# ruger .44mag super black hawk scope mount.



## morganco.killa08 (Nov 10, 2008)

what is the best or is there a scope mount or bridge for the ruger super black hawk .44 mag?


----------



## Doyle (Nov 11, 2008)

The best is to get it drilled and tapped.  Weaver makes one that screws into the rear sight hole, but I couldn't get it to stay really still on my SBH.


----------



## guesswho (Nov 17, 2008)

I'm also wanting to do the same, but I'm not to fond of drilling my reciever.  Are there any other options.


----------



## Bill Mc (Nov 19, 2008)

Deercreek put a Leupold mount on mine. He did have to drill but he also used the rear sight holes.


----------



## Chute270 (Nov 19, 2008)

*Super Blackhawk*



morganco.killa08 said:


> what is the best or is there a scope mount or bridge for the ruger super black hawk .44 mag?

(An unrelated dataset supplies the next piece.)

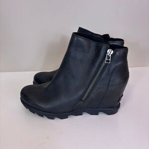 Excellent condition Sorel Black Leather Zipper Side Wedge Booties Women's 10

I had a B-Square base on a Ruger Super Blackhawk once.  It worked fine and never shot loose.  No drill and tapping required.  The base utilizes the rear sight screw hole and clamps to the barrel on the front end.  I would advise using locktite on the screws.


----------



## guesswho (Nov 19, 2008)

Thanks Steve Smith, that is the one I've been Eyeballin.  Just waiting on the funds to come rollin in.  I have to many irons in the fire.


----------